EXERCISE DATA START

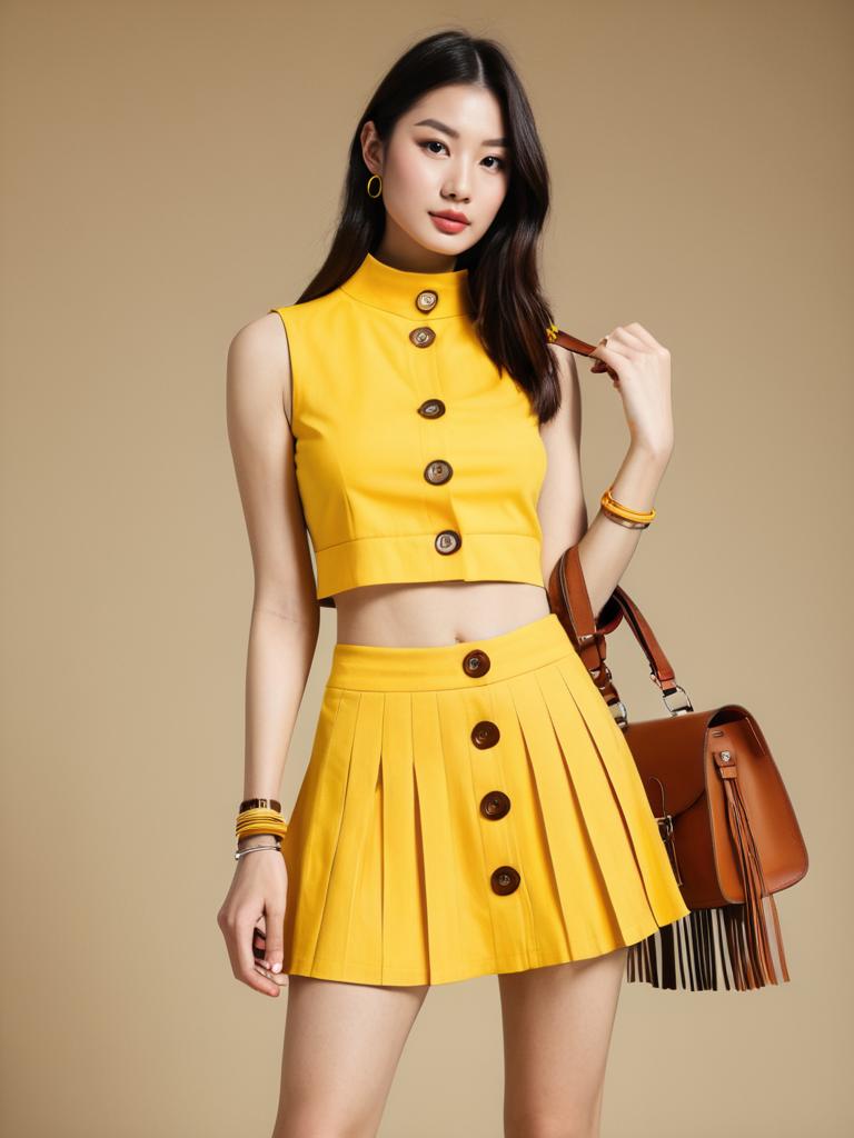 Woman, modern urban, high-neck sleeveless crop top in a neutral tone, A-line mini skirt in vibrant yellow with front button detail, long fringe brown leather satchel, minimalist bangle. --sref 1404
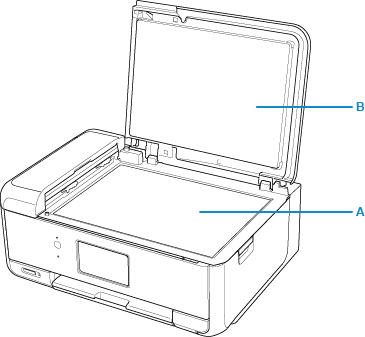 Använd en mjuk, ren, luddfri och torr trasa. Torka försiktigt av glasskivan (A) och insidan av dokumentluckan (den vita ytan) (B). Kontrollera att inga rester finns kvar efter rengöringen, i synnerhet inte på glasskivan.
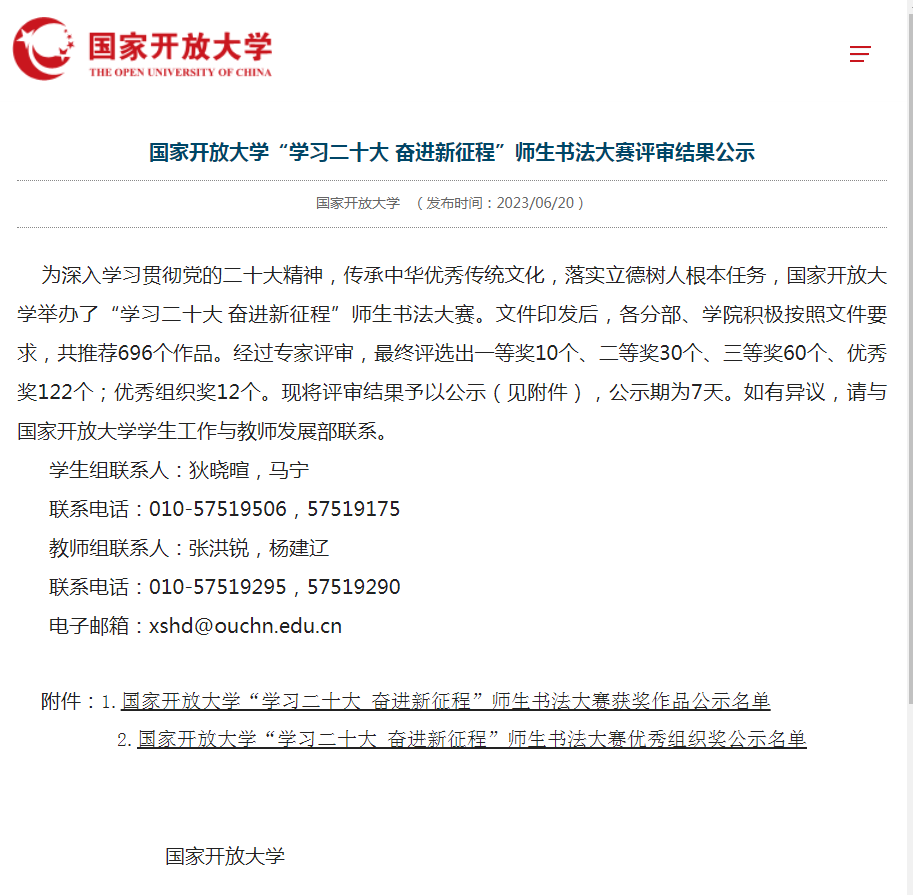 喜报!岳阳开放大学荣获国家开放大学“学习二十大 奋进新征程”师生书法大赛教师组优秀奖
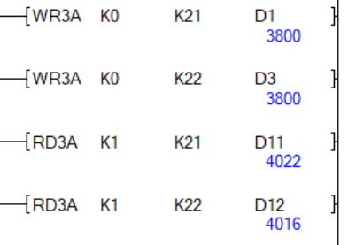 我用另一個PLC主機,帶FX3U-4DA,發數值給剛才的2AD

EXERCISE DATA END

#### [TASK]
The reply must hold every line above exactly as written and none of the pictures.

#### [WRITTEN SOLUTION]
 Woman, modern urban, high-neck sleeveless crop top in a neutral tone, A-line mini skirt in vibrant yellow with front button detail, long fringe brown leather satchel, minimalist bangle. --sref 1404
 Använd en mjuk, ren, luddfri och torr trasa. Torka försiktigt av glasskivan (A) och insidan av dokumentluckan (den vita ytan) (B). Kontrollera att inga rester finns kvar efter rengöringen, i synnerhet inte på glasskivan.
 喜报!岳阳开放大学荣获国家开放大学“学习二十大 奋进新征程”师生书法大赛教师组优秀奖
 我用另一個PLC主機,帶FX3U-4DA,發數值給剛才的2AD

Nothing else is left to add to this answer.